So, I decided it was high time to show my readership (which I'm sure has dwindled, seeing as how I haven't posted anything for about two months) an inside look at the little place I like to call "the APT" (that means I pronounce each letter individually, which sounds really cool in casual conversation...try it, you'll see). Let's pretend that I've invited you over for some tea or some delicious cherry juice. Seeing as how you have nothing in particular to do on this fine day, and you have always wanted to see my Soviet-era apartment, you rush right over, climb four flights of stairs (or take the elevator, if you're feeling especially eager/brave) and ring my doorbell. I greet you at the door, and ask you to step inside. First things first, you have to take your shoes off, as that is the Ukrainian way, and hopefully I'll have some delightful plastic sandals that are just the right size. After all this is taken care of, you look up to see..



The foyer. Isn't it lovely? Please note the large Elvis bag that I bought for three dollars at Rite Aid and packed at the last second which has now become one of my regular accessories. See all those shoes in a neat little line? Here you have pretty much every single pair of shoes I currently own, minus both winter and cowboy boots, which still means that I probably have A LOT more shoes than most Ukrainians.



After loitering around the foyer for a while, you look slightly to your left and down a very short hallway where you see...
The view of the kitchen from the foyer! "Is that a couch in the kitchen?" you ask yourself, but then realize that the kitchen is a treasure that we will have to save for a bit later on the tour.

Now, you'll turn to your left, where you will see two doors. No, you have not just stepped onto the sound stage of the game with the doors (this would be funnier if I remembered what that game was called, wouldn't it?), you are a firsthand witness to the Ukrainian phenomenon that is the separation of toilet and tub. Much like the separation of church and state, it has long kept these two powerful entitites from unjustly influencing one another. First, you choose the door to the left, where you find...

The sink...and the world's smallest bathroom mirror. Followed by...

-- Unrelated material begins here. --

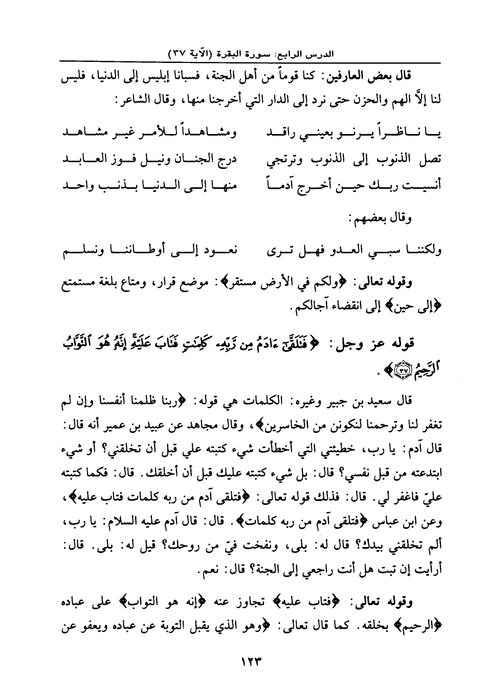 قوله عز وجل: {فَتَلَقَّى آدَمُ مِن رَّبِّهِ كَلِمَاتٍ فَتَابَ عَلَيْهِ إِنَّهُ هُوَ التَّوَّابُ الرَّحِيمُ (37) } .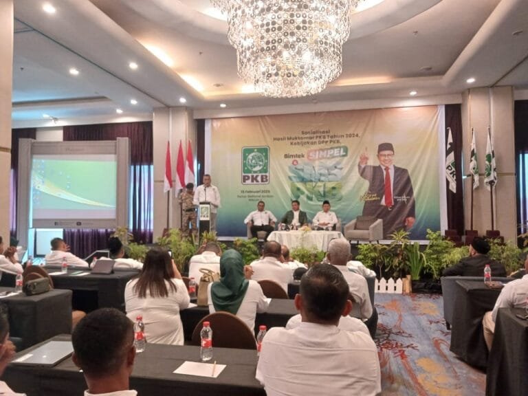 AMBON, LaskarMaluku.com – Dewan Pimpinan Wilayah (DPW) Partai Kebangkitan Bangsa (PKB) Provinsi Maluku, menggelar sosialisasi hasil Muktamar PKB Tahun 2024 serta Bimbingan Teknis (Bimtek) dan Simpel dan SMS PKB di Swiss-Belhotel Hotel, Kelurahan Uritetu, Kota Ambon pada Sabtu 15 Februari 2025.

The bathtub. Thankfully, my bathtub comes fully eqiupped with both a shower curtain and a handy rod on which to hang said shower curtain. This is the envy of many a Peace Corps Volunteer. Not to mention that my hot water has been quite reliable of late. Someone must like me. And finally...

The agitator. Or at least that's what they tell me it's called. This is where I "do my laundry", which means I lift up this contraption (not the lightest of loads), set it on its stand, which sits atop the bathtub, fill it with water from the shower head and some laundry detergent (my preferred brand is Tide), plug in the agitator, turn the dial to the maximum (which is about six minutes of spin), cross my fingers and walk away, knowing that it is much easier to merely hope that the agitator will not fall into the bathtub than to watch the little plastic stand grown under its girating weight. So far, so good. I usually do two or three spins with detergent, then two or three as a "rinse cycle". More on the drying procedure later.

Now, you move out of the tub room and into the toilet area, which you find is rather small:





"Good thing you don't have to close the door when you live alone," you are thinking to yourself, when you suddenly remember that you might have seen a COUCH in the KITCHEN. You run out of the toilet room, which takes you literally fractions of a second, due to its miniscule size, and turn to the left only to confirm your most absurd suspicions:



I have a couch in my kitchen. It folds out into a bed, thus making this room my kitchen/ dining/guest room. Visitors welcome!

I also have a refrigerator, on top of which you might notice (and compliment, because you're so kind) my fledging origami collection (thanks, Winkates!). Here we have "twin sail boats", which you realize is really only the beginning of what is sure to be a long and illustrious origami career.You'll also notice the stove and oven where I cook. "Excuse me?" you say. That's right, people, I COOK! Last I heard, Chinese and Mexican take-out restaurants in the Washington Heights area of Manhattan were struggling with a sudden and inexplicable drop in sales.
You find this whole "Alison cooks" notion difficult to fathom, let alone stomach, and decide you might need to sit down, and not on the kitchen couch. So, you wander back down the hallway, past the foyer, and into the "big room".






"Not too shabby," you think to yourself, enjoying the sunlight streaming through the balcony windows. I might take this opportunity to assure you of the fact that all of the furniture was supplied with the apartment, so any compliments on well-placed rug chair coverings or tasteful candelabras would have to be passed along to my landlord.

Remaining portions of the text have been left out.